With Prometheus, we can use PromQL to write alert rules and evaluate them using the given evaluation rules and intervals. Alerts have an evaluation period: if an alert is active for the duration of the evaluation period, then it will fire. Prometheus is usually bundled with a component called Alertmanager, which is used to route alerts to different receivers such as Slack and email. Once an alert fires, it is sent to the Alertmanager which uses a routing table to find out if the alert is to be sent to a receiver, and how to route it.

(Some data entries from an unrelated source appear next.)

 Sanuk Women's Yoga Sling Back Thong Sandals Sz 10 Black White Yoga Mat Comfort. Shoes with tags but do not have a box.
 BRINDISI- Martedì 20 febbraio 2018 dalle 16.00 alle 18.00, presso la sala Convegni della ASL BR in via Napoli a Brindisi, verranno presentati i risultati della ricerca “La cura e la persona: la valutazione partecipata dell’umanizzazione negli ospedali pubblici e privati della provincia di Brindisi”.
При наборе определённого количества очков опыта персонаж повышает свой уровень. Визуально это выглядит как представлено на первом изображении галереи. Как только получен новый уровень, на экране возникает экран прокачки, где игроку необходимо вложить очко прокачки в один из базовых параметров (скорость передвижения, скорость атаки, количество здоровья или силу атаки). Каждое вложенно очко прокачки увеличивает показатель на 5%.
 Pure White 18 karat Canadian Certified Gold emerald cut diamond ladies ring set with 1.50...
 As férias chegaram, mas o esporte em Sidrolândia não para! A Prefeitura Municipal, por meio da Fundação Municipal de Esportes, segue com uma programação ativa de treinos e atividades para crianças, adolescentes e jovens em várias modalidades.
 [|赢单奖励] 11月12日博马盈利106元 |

Prometheus alerts are evaluated against the local storage. With VictoriaMetrics, we can use the vmalert component to evaluate alert rules against the VictoriaMetrics long-term storage using the same PromQL syntax as with Prometheus. It is tempting to write all the alerting rules in VictoriaMetrics, but depending on the size of the infrastructure we might want to evaluate some rules on the Prometheus servers where the data originates from, to avoid overloading VictoriaMetrics.

Alert rules can be very complex, and it is best to validate them before deploying them to Prometheus. Promtool can be used to validate Prometheus alerting rules and run unit tests on them. You can implement these simple validation and unit testing steps in your continuous integration (CI) system.

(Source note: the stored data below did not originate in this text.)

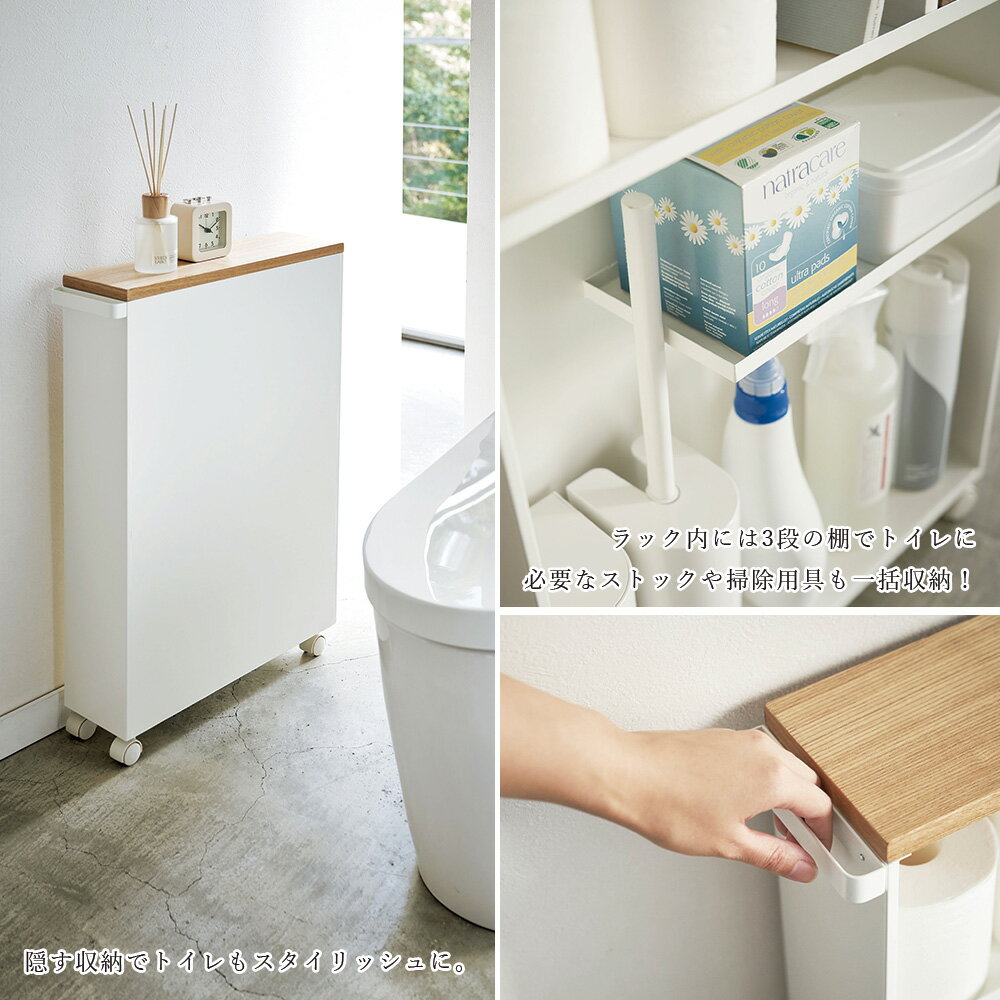 トイレに収納する場所がなくて困っている方にもおすすめ! 便器と壁の隙間など、デッドスペースを有効活用して、トイレに必要なトイレットペーパーのストックやトイレ用洗剤や除菌シートなどの掃除用具、文庫本などを一括で収納できるオシャレなラックです。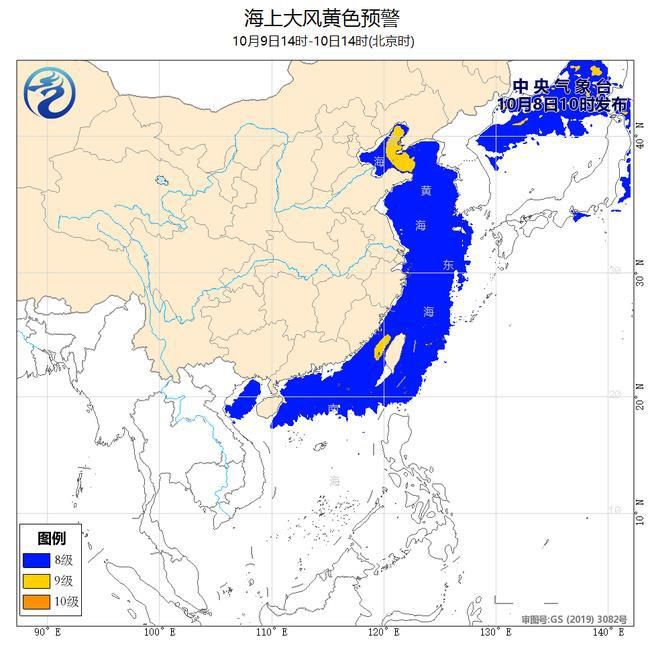 中央氣象臺10月8日10時繼續(xù)發(fā)布海上大風(fēng)黃色預(yù)警: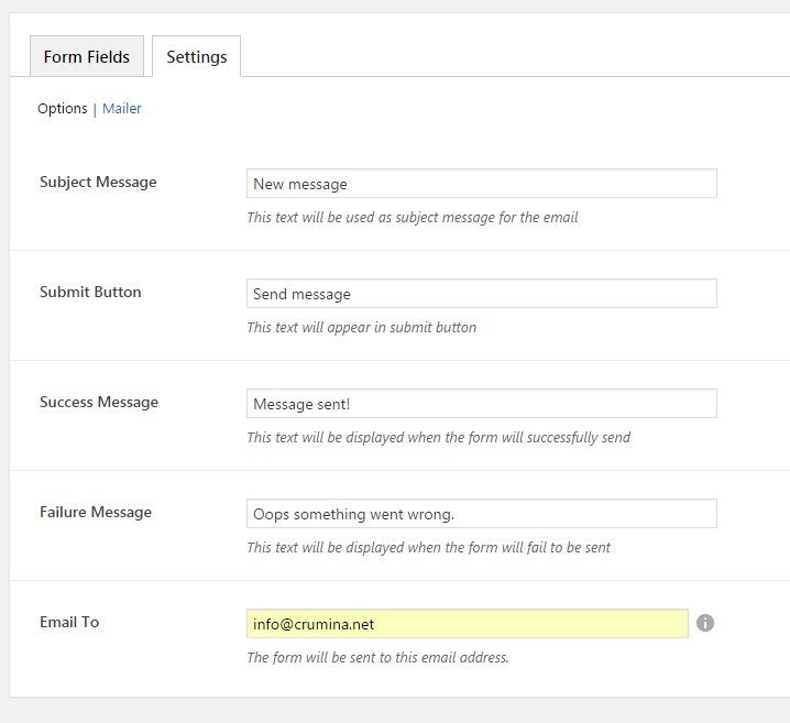 After you have finished adding form fields, switch to the 'Mail' tab and set up email submission and message template options.

A good monitoring platform enables teams to write their own alerts against the metrics stored in the long-term storage. We can do this in a mono-repository or multi-repository fashion. With a mono-repository, we have all the infrastructure and the alerting defined in the same repository and pipelines delivering them to servers. A multi-repository approach would set up a separate repository for the alerts, where we define the alerting rules using PromQL, and add validation and unit tests.

The main benefit of the multi-repository approach is reduced cognitive load. The contributors do not see or need to be aware of anything else than the alert rules. This also eliminates the possibility of introducing bugs into the underlying infrastructure. The downside of this approach is tying the separated alerting configuration back to the Prometheus server.

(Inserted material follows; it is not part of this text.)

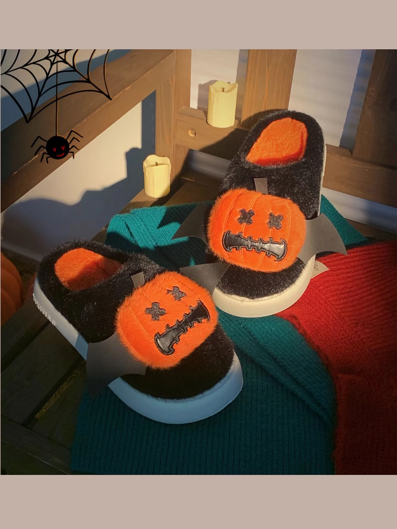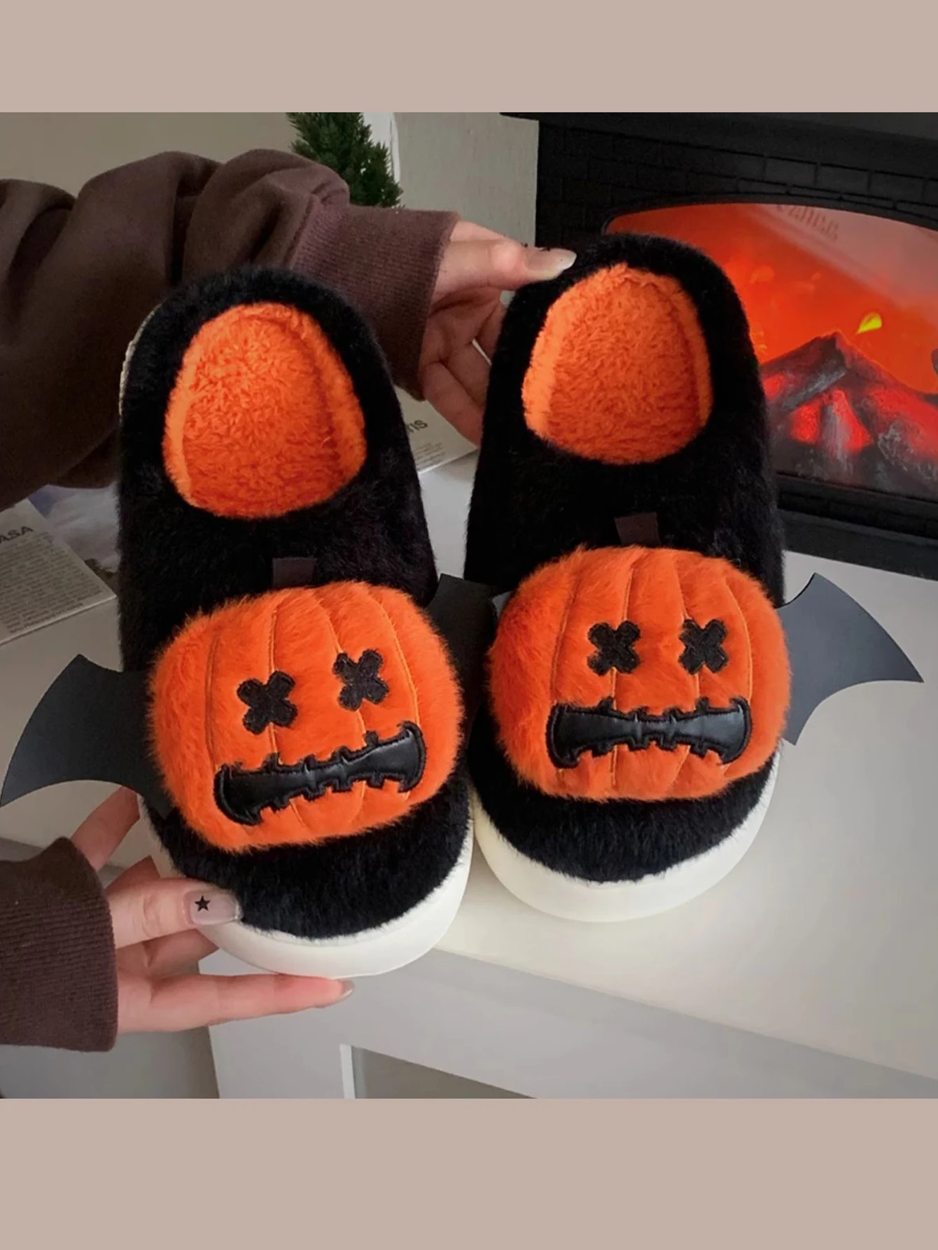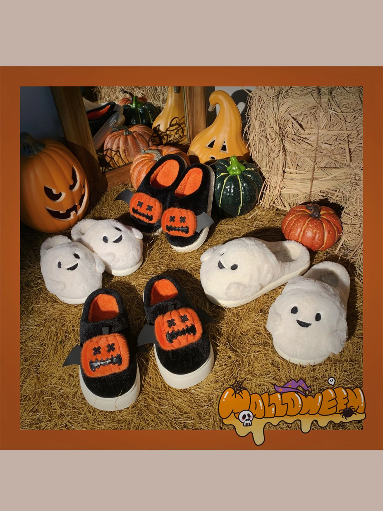 Halloween Ghost Pumpkin Bat Design Women Winter Slippers

Terraform can be used to set up the repository used for alerting as a remote module and thus pull the alerting rules into the server when deploying the server. With a mono-repository, we can more easily tie the alerts into the Prometheus server, but if we are using Terraform then we need to either split the state of the alerts or accept that the contributors might affect more resources than just the alerts which might also cause more anxiety to the contributors.

Demo

This example assumes that you have completed the following steps as the components from those are needed:

Prerequisites:

Figuring out suitable metrics for alerts can be hard. The awesome-prometheus-alerts website is an excellent source for inspiration for this. It has a collection of pre-made alerts using the PromQL syntax. For example, we can set up an alert for crash-looping Kubernetes pods, with the alert named KubernetesPodCrashLooping.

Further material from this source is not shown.